We are now looking at a TM configuration like this:

#1111111111111111111111#
 ^
#11#
 ^

We want to see if the number represented on the second tape evenly divides the number represented on the first tape. To do this, we can "cross out" numbers on the first tape repeatedly, in groups the size of the second tape, until we run out of numbers on the first tape. If we run out in the middle of crossing out a whole group, then the number represented on the first tape is not evenly divisible by the number represented on the second tape, and we can proceed to check increasing numbers on the second tape. If we run out after having crossed out an entire group, then it is evenly divisible by a number other than 1 and itself, so we can halt-reject as the number is not prime.
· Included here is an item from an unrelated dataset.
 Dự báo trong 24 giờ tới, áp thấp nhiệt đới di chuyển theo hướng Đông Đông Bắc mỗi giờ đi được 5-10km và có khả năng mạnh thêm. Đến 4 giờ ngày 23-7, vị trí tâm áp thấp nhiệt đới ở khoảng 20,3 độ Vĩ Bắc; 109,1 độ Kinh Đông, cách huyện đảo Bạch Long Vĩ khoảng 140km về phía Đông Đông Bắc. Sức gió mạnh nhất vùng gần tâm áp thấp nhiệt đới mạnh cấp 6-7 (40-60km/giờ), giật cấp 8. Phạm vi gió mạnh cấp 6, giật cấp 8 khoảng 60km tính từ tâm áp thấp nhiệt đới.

Processing our example would look like:

=>   #1111111#   =>   #x111111#   =>   #xx11111#   =>   #xx11111#
      ^                 ^                 ^                ^
     #11#             #11#             #11#             #11#
      ^                 ^                 ^               ^

=>   #xx11111#   =>   #xx11111#   =>   #xx11111#   =>   #xxx1111#
        ^                ^                ^                 ^
     #11#             #11#             #11#             #11#
      ^               ^                 ^                 ^

=>   #xxxx111#   =>  ... reset    =>   #xxxx111#   =>   ... cross
          ^           tape 2                ^            off another
     #11#             back to          #11#              pair of 1s
        ^             head ...          ^               ...

=>   #xxxxxx1#   =>   #xxxxxxx#
            ^                 ^
     #11#             #11#
      ^                 ^

At this stage we see a 1 on the second tape and a blank on the first tape; this means the number was not divisible by our current guess. If we had seen blank/blank, we could have halt-rejected immediately. Instead, we need to continue checking larger possible divisors. At this stage we need to:

1. reset the first tape head to the beginning of the input, replacing x's with 1's again.
2. add an extra 1 to the second tape head to increment its value, then reset the head to the beginning of its value.
3. repeat the divisibility check described above.
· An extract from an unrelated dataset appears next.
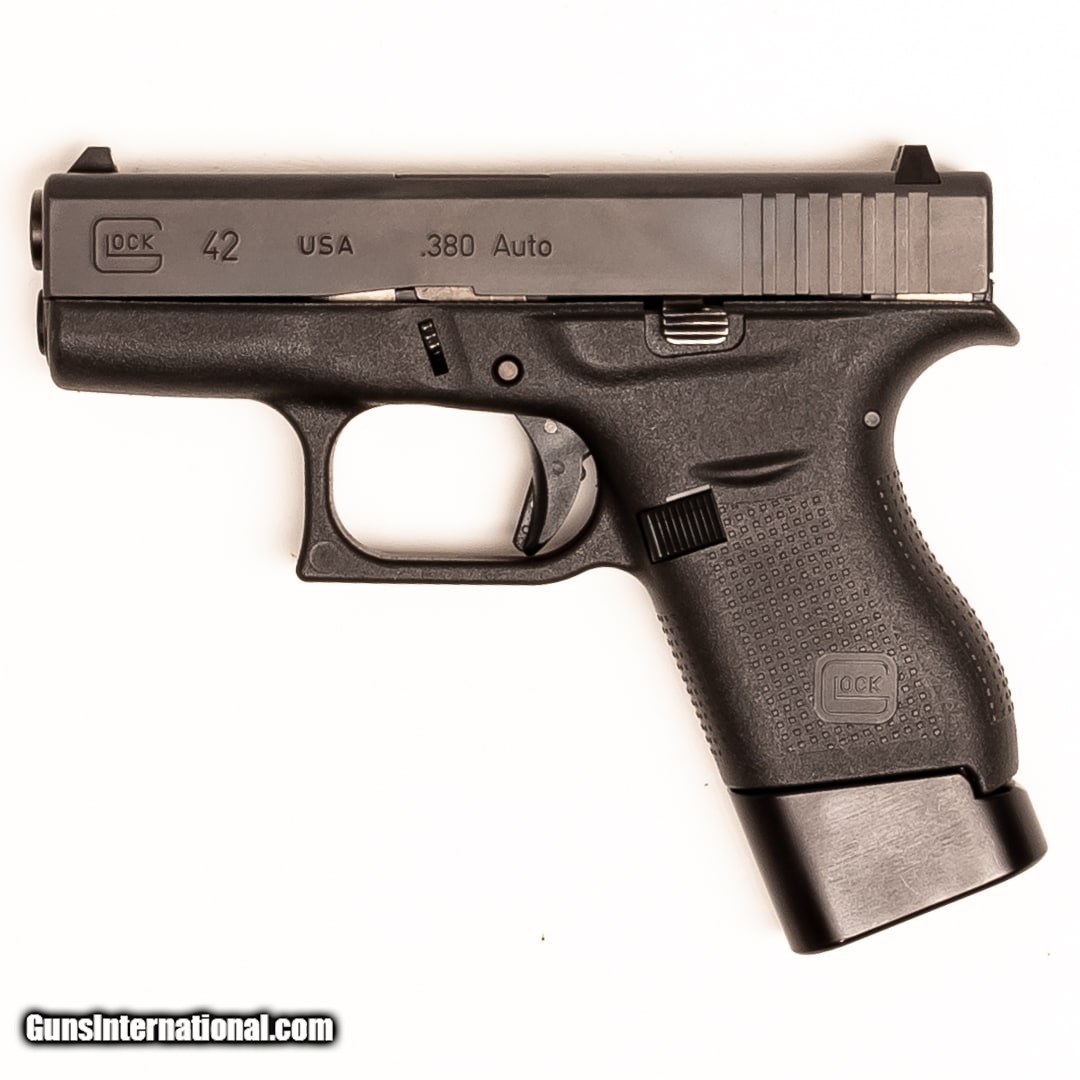 Description: Guns Listing ID: 553968 Made to be ultra-concealable, the Glock G42 is chambered in 380 ACP and designed in response to customer requests. This polymer-framed pistol utilizes a single stack magazine for a more compact design and weighs just over a pound when loaded. Plus, it has Glock‚‚s signature safe action trigger. This G42 includes the original case, manual, one 6-round magazine, one 8-round magazine, and a holster. SOLD Manufacturer: GLOCK Model: G42 Caliber Info: .380 ACP Condition: Used - Certified Barrels: 3.1 BARREL Finish: BLACK |

If we continue this process, we will eventually find a divisor of the number represented on the input tape, if that number is composite. As it is, however, we will currently halt-reject on prime numbers when the second tape increases to the same number as the input. We will then find that the prime number evenly divides itself. We need to check for this; a good place would be between steps 2 and 3 in the last set of 3 steps above, we can compare tapes #1 and #2 and see if they match exactly. this would be just like the divisibility check, but it would only cross off at most one copy of tape #2 from tape #1, and it would halt-accept if it got to blank/blank rather than halt-rejecting.

Obviously, there are a lot of details to fill out if you want to formally define the TM by giving its transition table. But, it can be done and a procedure like the one outlined here can be used to solve this problem. Again, this is not the most efficient way to solve this, but it is a way to solve it, which generally is good enough when looking for TMs for some problem.